YOUR TASK:
Starting at the first line of the records below, reproduce every line up to and including the line with "苺クリームと苺ジャムが甘さを", but leave out all pictures.

Data extracted from a collection:
☆ ☆ ☆ ☆
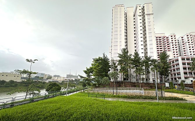 At the very end of the Yew Tee Lifestyle Corridor is the Amphitheatre. This space has been laid out thoughtfully to overlook the Pang Sua Canal with the Pang Sua Park Connector in front of it.
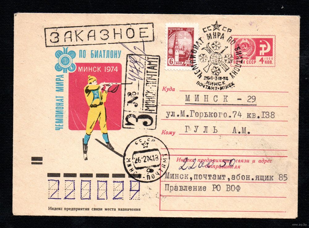 Художественный маркированный конверт СССР прошедший почту N 9306 (23.11.1973) Чемпионат мира по биатлону Минск 1974
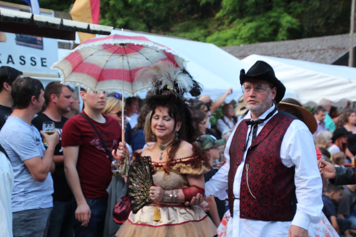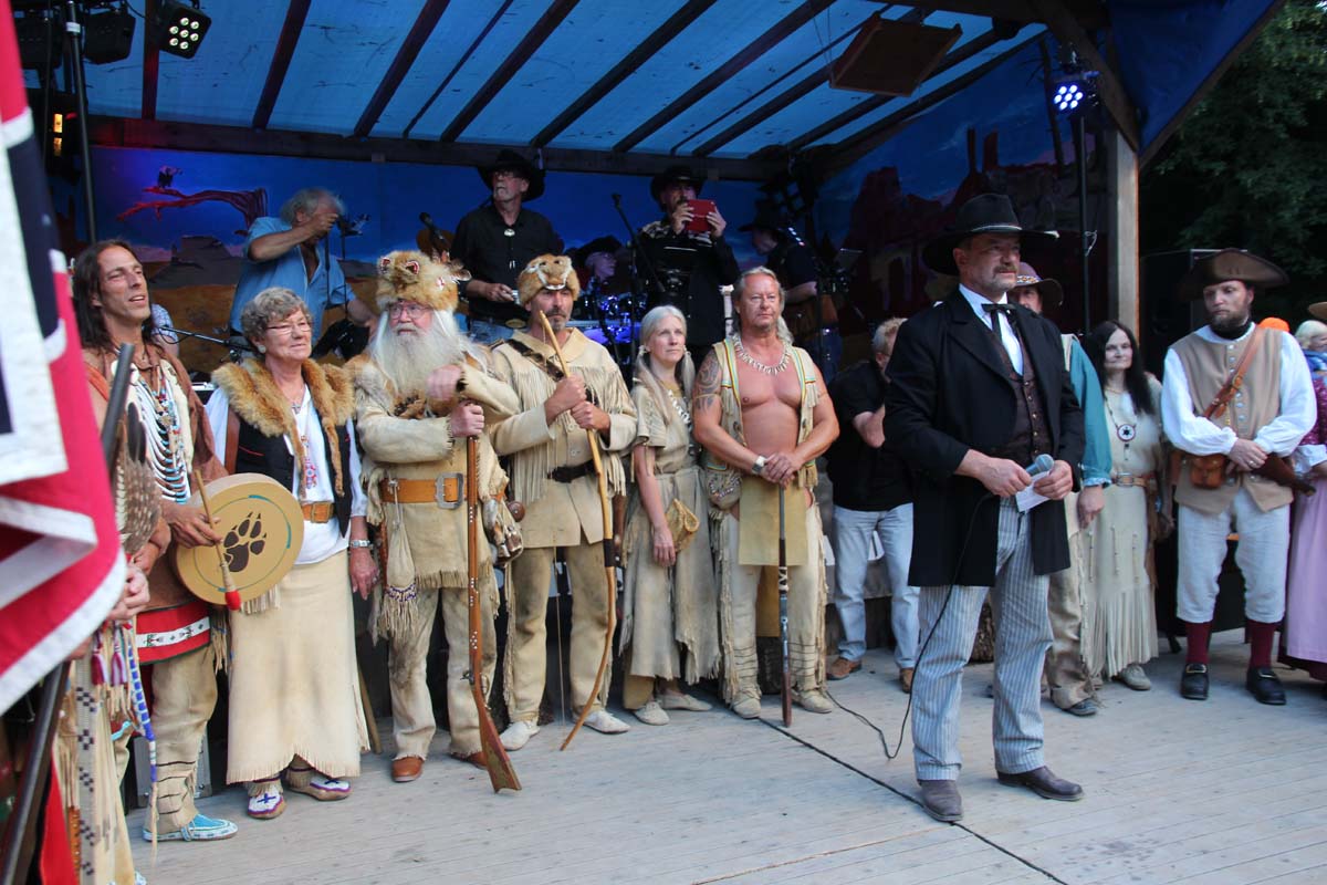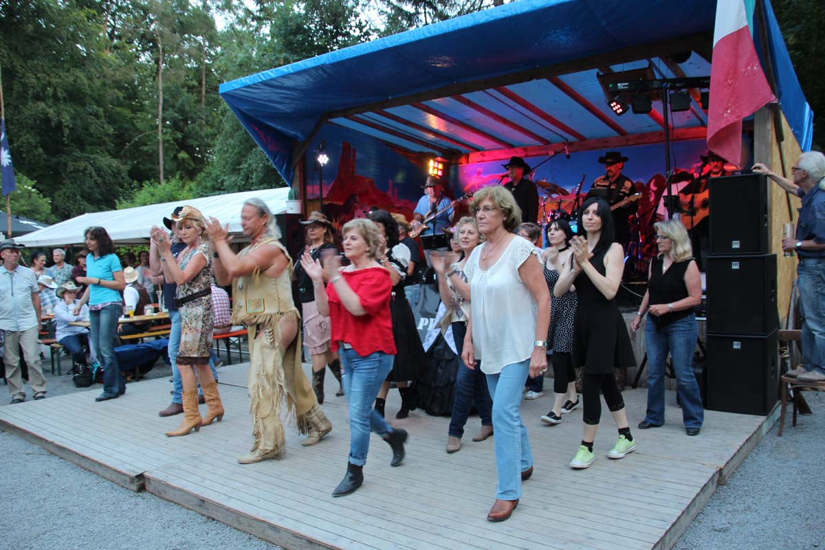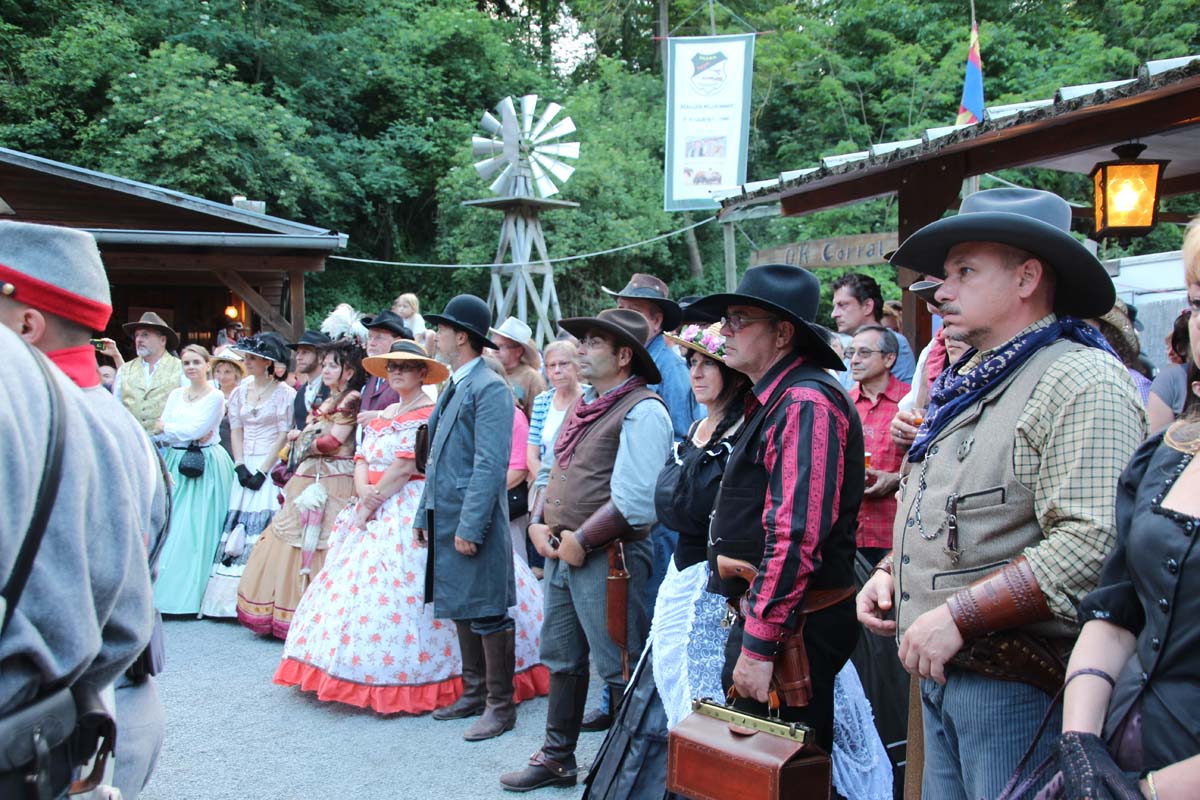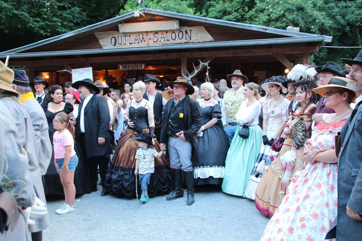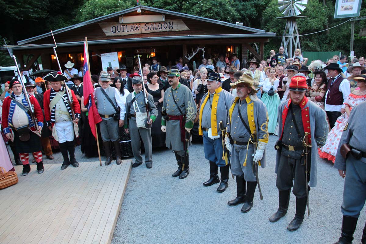 (cr) Einmal im Jahr verwandelt sich für zwei Tage das Gelände des Schützenvereins Diana in Eschelbach in ein kleines Westerndorf. Indianer, Trapper, Cowboys und Soldaten treffen hier friedlich aufeinander. Etwas ganz besonderes ist immer am Samstag die grosse Parade aller Beteiligten. Hier sieht man die prachtvollen Kleider der Damen und die originalgetreuen Kostume und Uniformen der Männer. In diesem Jahr gab es eine ehrenvolle Gedenkzeremonie für einen nicht mehr unter uns weilenden Kameraden. Für die musikalische Unterhaltung sorgt am Freitag wie üblich Rolf goes Country und am Samstag gab es beste Westernmusik von der Pete Stone Band. Das freute vorallem die vielen angereisten Line Dance Freunde. Die befreundeten Westernclubs schätzen hier in Eschelbach die kleine familiäre Atmosphäre und die tolle Organisation. Schön ist es auch zu sehen das hier die Eschelbacher Vereine Hand in Hand zusammenarbeiten.
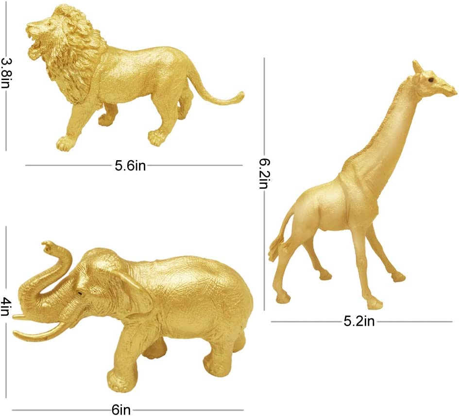 WHAT'S INCLUDED: 12 piece golden animal figurines set includes 3 giraffes, 3 elephants, 2 elk, 1 lions, 1 tiger, 1 rhino, 1 hippo.
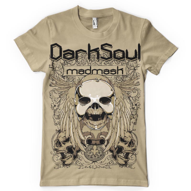 Dark soul t-shirt print features a detailed design available for Adobe Illustrator, Adobe Photoshop and Corel Draw and can be used for digital printing and screenprinting . Ready to print or use in anything you want.
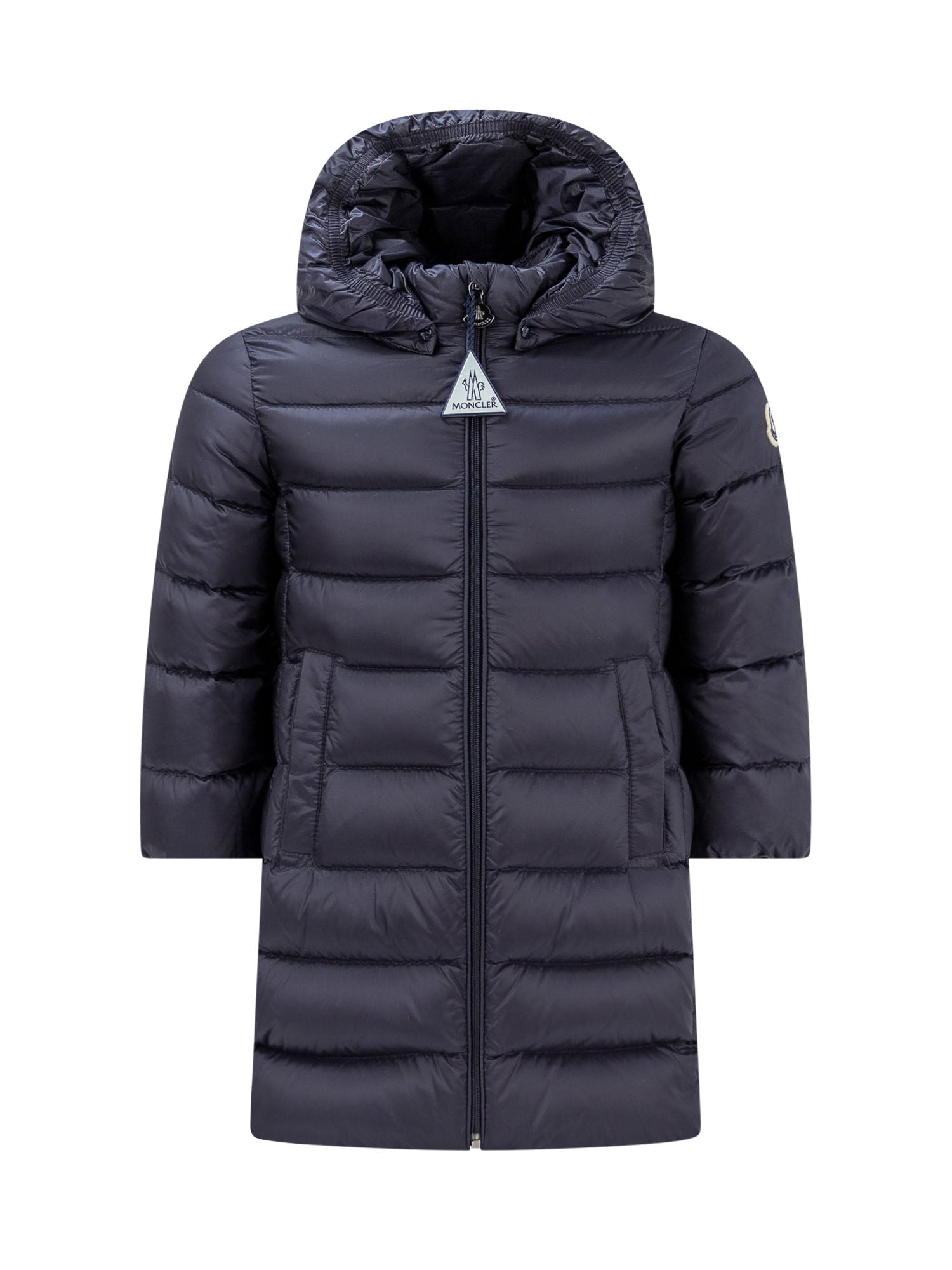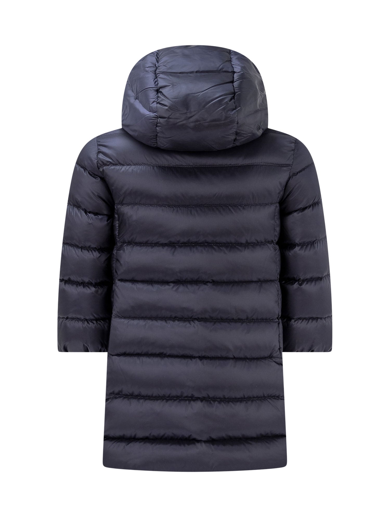 Piumino blu a maniche lunghe. Cappuccio con bottoni. Lunghezza midi. Logo sulla manica. Tasche laterali. Chiusura frontale con zip.
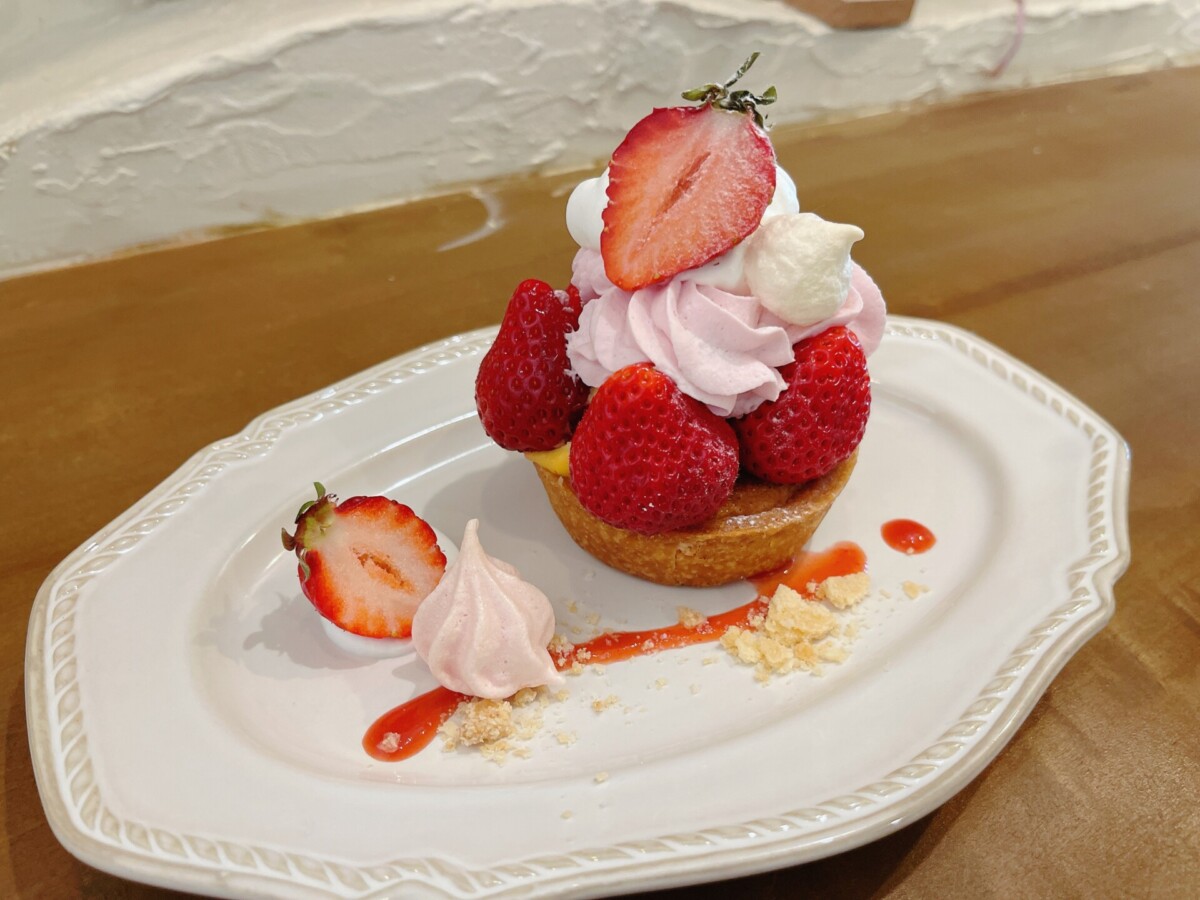 苺クリームと苺ジャムが甘さを引き立て、メレンゲのサックとした食感がアクセントになっていました。
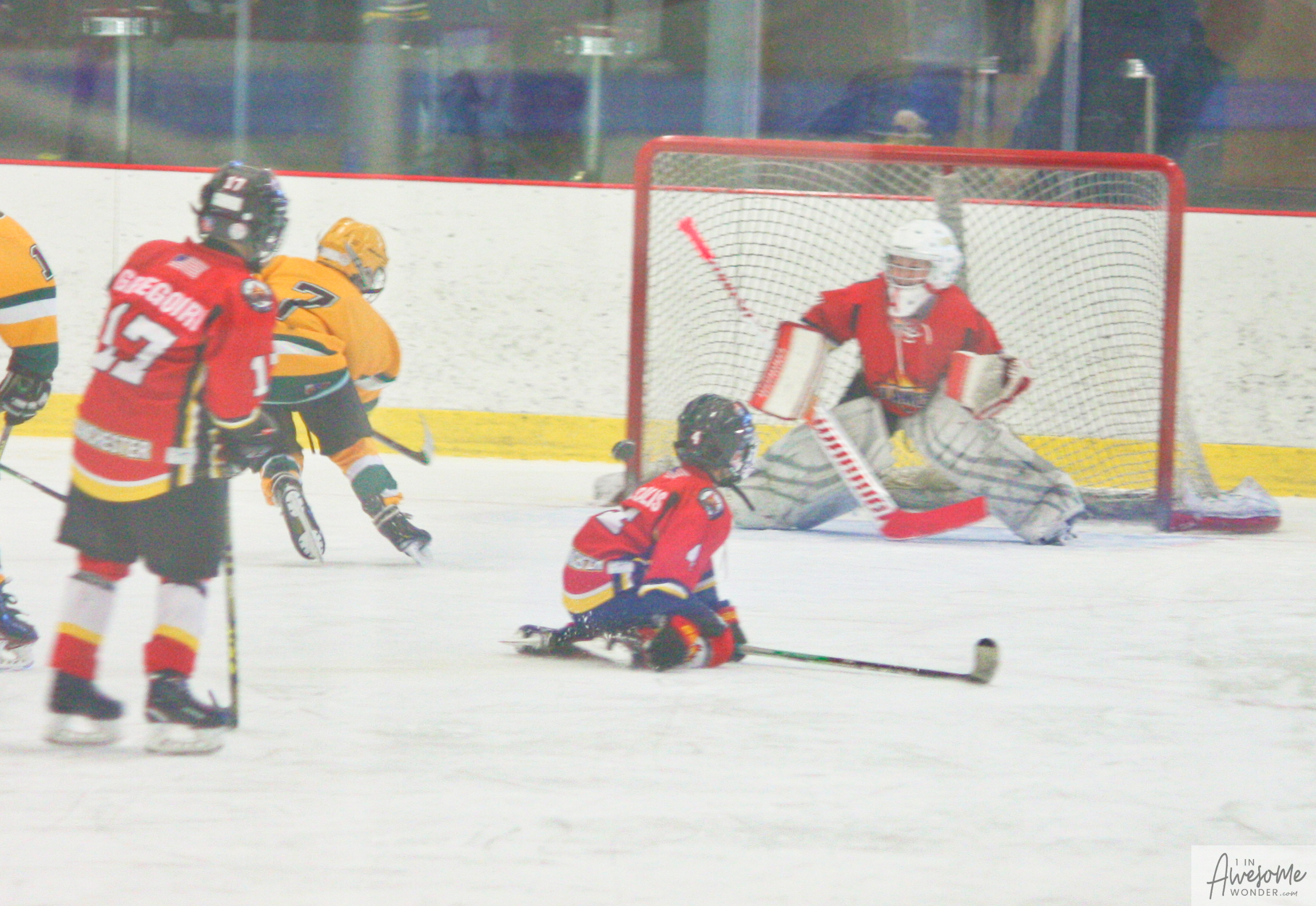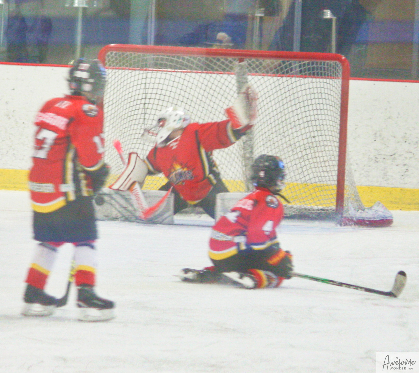 With Drew on his feet to get robbed by the SASA goalie, Logan practices his own form at taking the ice.
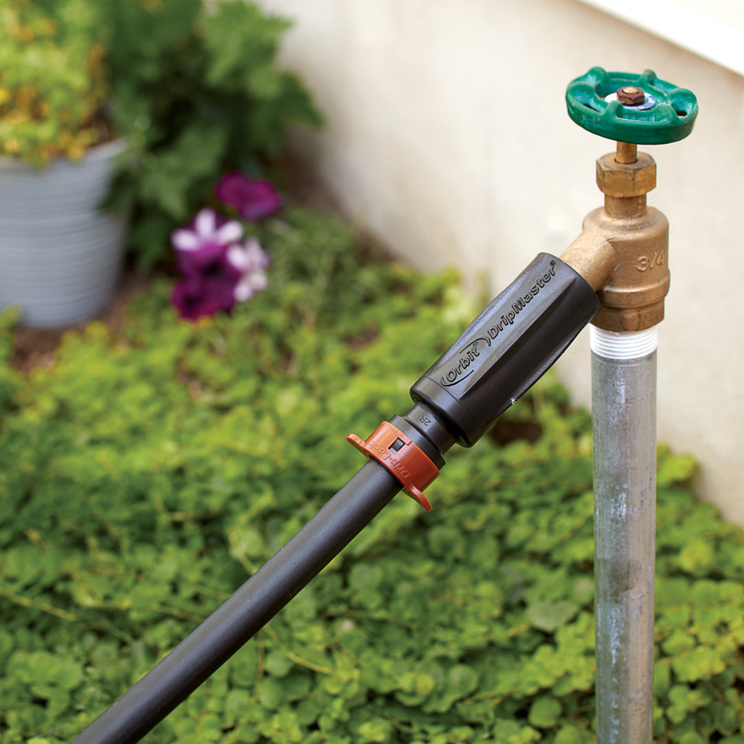 Drip-Lock fittings connect 1/2-in. drip distribution or emitter tubing to a sprinkler line, hose faucet, or valve. They fit 1/2-in. tubing with outside diameters ranging from .630- to .700-in. Stainless steel teeth grip the pipe tightly and a special O-ring creates a watertight seal while still allowing for rotation of the fitting after insertion. A built-in removal collar allows for easy reconfiguration and reuse of the fittings, including end-of-season disassembly for compact winter storage. The Drip-Lock manifold is an especially convenient way to connect 1/2-in. distribution tubing to 1/4-in. distribution tubing which can then go to each individual plant. For outdoor irrigation use with cold water only.
☆ ☆ ☆ ☆
FINISHED EXERCISE:
 At the very end of the Yew Tee Lifestyle Corridor is the Amphitheatre. This space has been laid out thoughtfully to overlook the Pang Sua Canal with the Pang Sua Park Connector in front of it.
 Художественный маркированный конверт СССР прошедший почту N 9306 (23.11.1973) Чемпионат мира по биатлону Минск 1974
 (cr) Einmal im Jahr verwandelt sich für zwei Tage das Gelände des Schützenvereins Diana in Eschelbach in ein kleines Westerndorf. Indianer, Trapper, Cowboys und Soldaten treffen hier friedlich aufeinander. Etwas ganz besonderes ist immer am Samstag die grosse Parade aller Beteiligten. Hier sieht man die prachtvollen Kleider der Damen und die originalgetreuen Kostume und Uniformen der Männer. In diesem Jahr gab es eine ehrenvolle Gedenkzeremonie für einen nicht mehr unter uns weilenden Kameraden. Für die musikalische Unterhaltung sorgt am Freitag wie üblich Rolf goes Country und am Samstag gab es beste Westernmusik von der Pete Stone Band. Das freute vorallem die vielen angereisten Line Dance Freunde. Die befreundeten Westernclubs schätzen hier in Eschelbach die kleine familiäre Atmosphäre und die tolle Organisation. Schön ist es auch zu sehen das hier die Eschelbacher Vereine Hand in Hand zusammenarbeiten.
 WHAT'S INCLUDED: 12 piece golden animal figurines set includes 3 giraffes, 3 elephants, 2 elk, 1 lions, 1 tiger, 1 rhino, 1 hippo.
 Dark soul t-shirt print features a detailed design available for Adobe Illustrator, Adobe Photoshop and Corel Draw and can be used for digital printing and screenprinting . Ready to print or use in anything you want.
 Piumino blu a maniche lunghe. Cappuccio con bottoni. Lunghezza midi. Logo sulla manica. Tasche laterali. Chiusura frontale con zip.
 苺クリームと苺ジャムが甘さを引き立て、メレンゲのサックとした食感がアクセントになっていました。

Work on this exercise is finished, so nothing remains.